Task details>
From the line containing "Et il nous reste" to the end of the records, print every line exactly, both ends included, and leave out the pictures.

(Stored dataset items)
----------

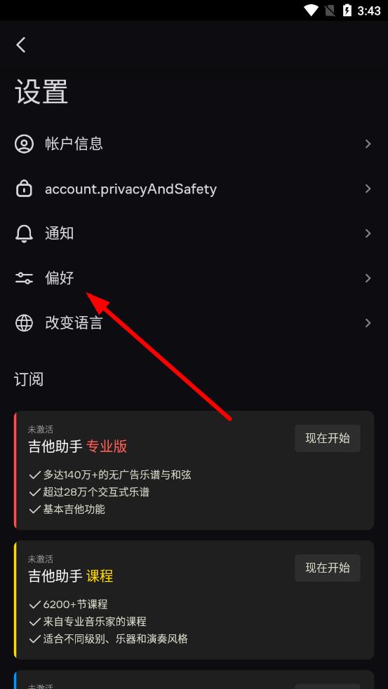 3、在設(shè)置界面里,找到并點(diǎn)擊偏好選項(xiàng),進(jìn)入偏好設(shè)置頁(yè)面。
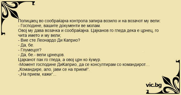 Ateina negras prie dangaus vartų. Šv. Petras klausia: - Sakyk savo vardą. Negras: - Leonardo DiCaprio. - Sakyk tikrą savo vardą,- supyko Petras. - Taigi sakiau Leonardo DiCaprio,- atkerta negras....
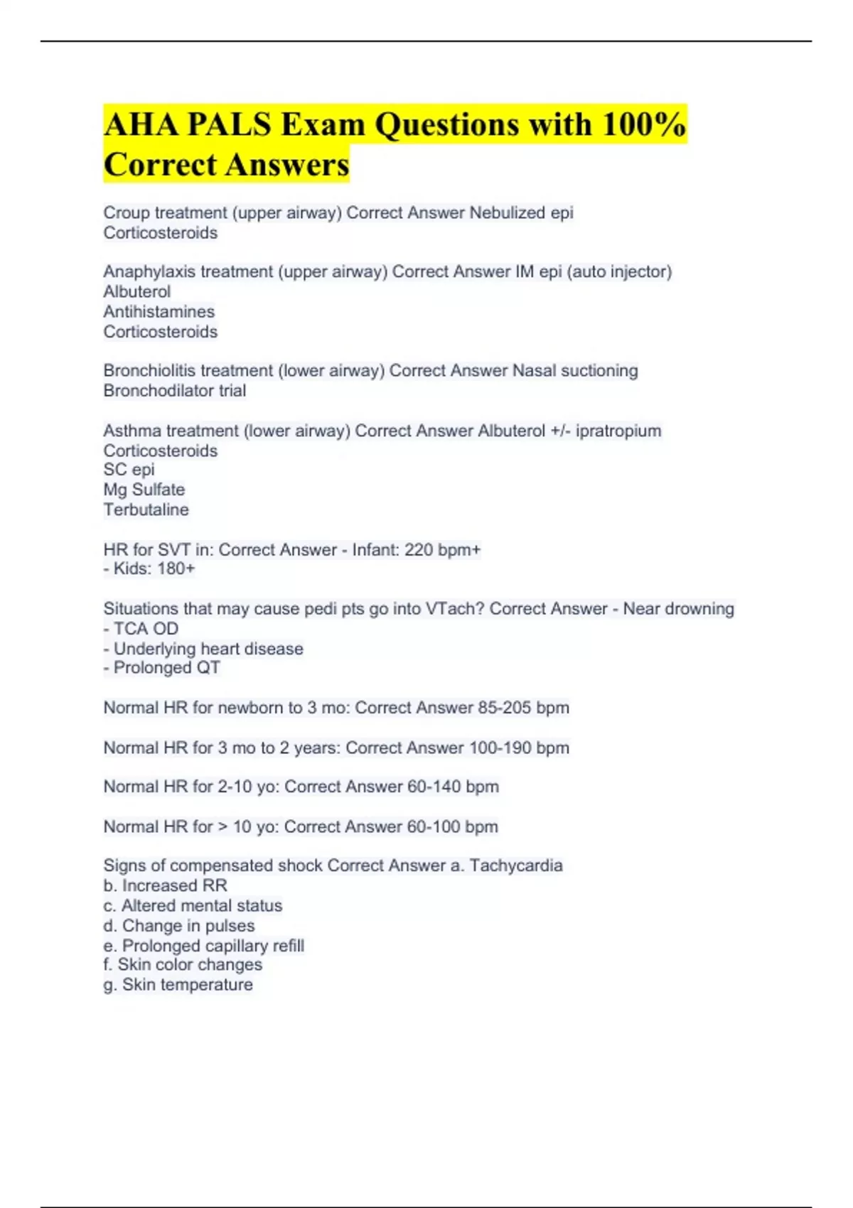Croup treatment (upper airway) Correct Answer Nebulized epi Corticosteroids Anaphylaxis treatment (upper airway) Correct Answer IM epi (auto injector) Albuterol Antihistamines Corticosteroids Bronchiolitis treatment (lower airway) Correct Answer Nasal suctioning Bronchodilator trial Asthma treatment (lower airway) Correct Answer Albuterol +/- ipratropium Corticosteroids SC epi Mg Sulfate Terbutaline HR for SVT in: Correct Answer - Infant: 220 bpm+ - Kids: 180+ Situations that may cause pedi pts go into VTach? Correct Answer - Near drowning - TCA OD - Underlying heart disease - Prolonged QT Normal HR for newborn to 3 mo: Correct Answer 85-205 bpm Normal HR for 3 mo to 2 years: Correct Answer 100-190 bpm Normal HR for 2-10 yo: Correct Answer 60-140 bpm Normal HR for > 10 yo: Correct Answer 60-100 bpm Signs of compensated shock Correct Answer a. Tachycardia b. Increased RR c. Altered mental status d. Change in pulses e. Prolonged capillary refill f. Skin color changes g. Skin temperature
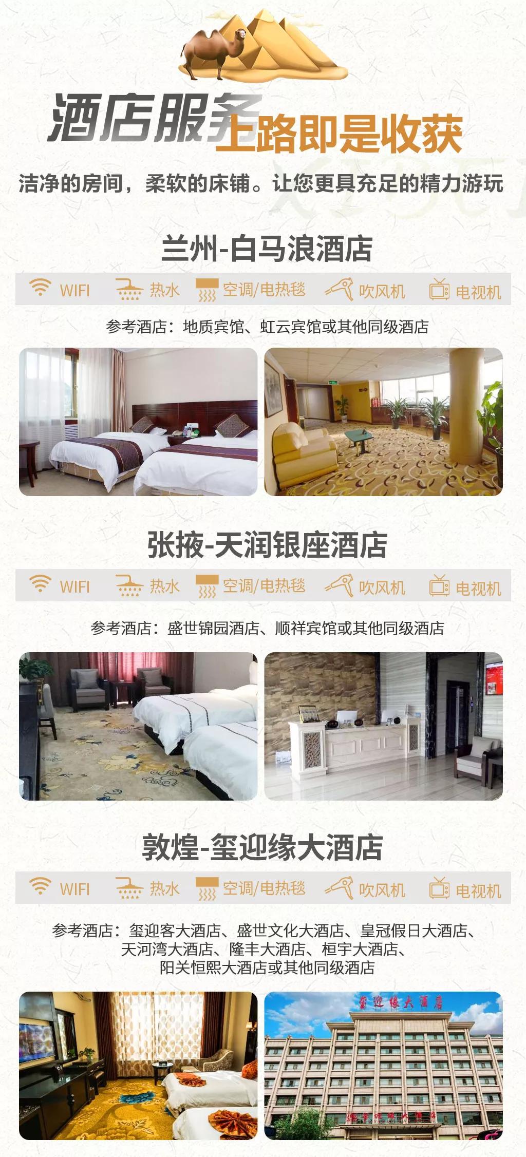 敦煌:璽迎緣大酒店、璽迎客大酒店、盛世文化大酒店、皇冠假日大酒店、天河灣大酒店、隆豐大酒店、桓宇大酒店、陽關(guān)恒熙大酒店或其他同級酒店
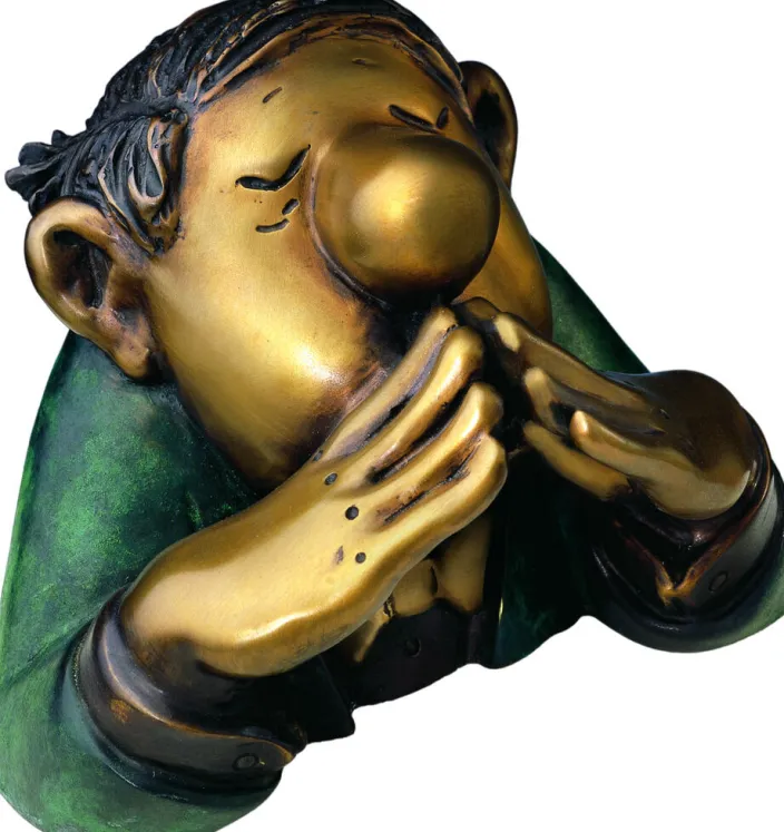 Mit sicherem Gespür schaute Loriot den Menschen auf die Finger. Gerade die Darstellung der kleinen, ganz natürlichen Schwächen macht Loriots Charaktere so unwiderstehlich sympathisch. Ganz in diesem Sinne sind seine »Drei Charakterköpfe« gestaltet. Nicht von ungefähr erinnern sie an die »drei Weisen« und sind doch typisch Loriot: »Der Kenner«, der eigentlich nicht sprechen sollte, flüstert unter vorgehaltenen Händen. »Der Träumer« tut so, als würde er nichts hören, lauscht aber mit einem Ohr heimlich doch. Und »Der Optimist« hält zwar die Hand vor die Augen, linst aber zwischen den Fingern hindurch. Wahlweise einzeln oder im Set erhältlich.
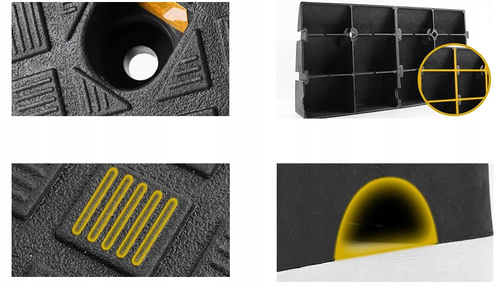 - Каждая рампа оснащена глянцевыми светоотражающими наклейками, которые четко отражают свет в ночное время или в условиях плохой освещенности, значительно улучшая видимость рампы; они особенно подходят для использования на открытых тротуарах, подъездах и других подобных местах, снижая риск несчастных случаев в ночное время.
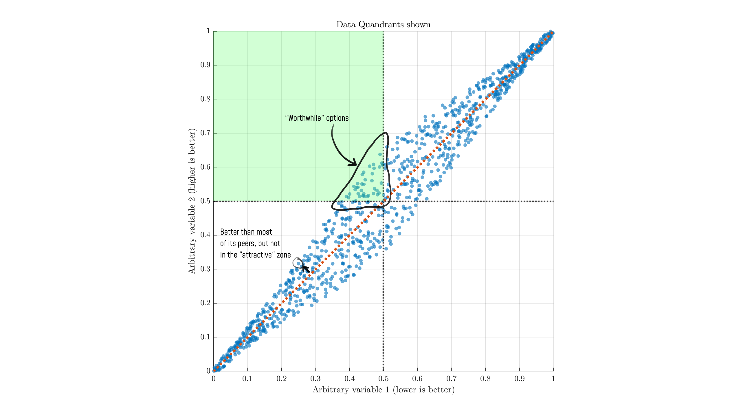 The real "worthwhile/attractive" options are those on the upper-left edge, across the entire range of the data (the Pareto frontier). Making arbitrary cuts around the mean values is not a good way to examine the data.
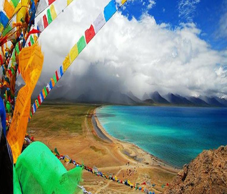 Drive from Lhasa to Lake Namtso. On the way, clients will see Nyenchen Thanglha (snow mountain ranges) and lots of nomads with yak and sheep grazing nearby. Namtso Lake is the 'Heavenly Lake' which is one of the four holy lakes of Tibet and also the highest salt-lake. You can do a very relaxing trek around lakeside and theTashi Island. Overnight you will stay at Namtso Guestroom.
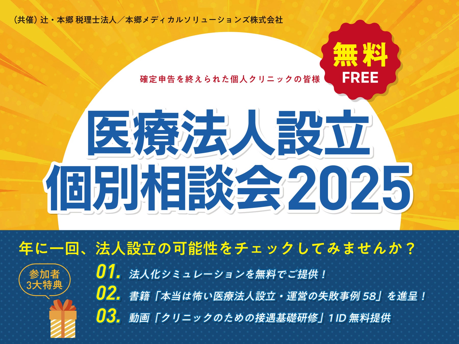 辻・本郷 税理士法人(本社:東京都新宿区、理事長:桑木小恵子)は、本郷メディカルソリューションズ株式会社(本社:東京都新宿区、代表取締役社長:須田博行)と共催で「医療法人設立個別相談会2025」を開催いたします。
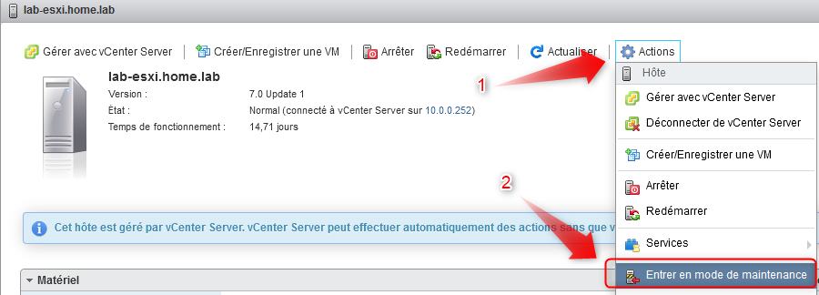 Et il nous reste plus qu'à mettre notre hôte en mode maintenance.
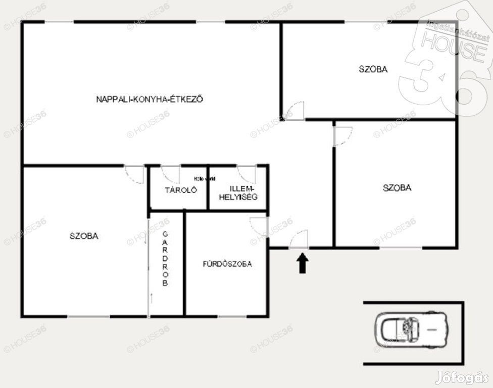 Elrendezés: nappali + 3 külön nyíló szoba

----------

Output of the task>
 Et il nous reste plus qu'à mettre notre hôte en mode maintenance.
 Elrendezés: nappali + 3 külön nyíló szoba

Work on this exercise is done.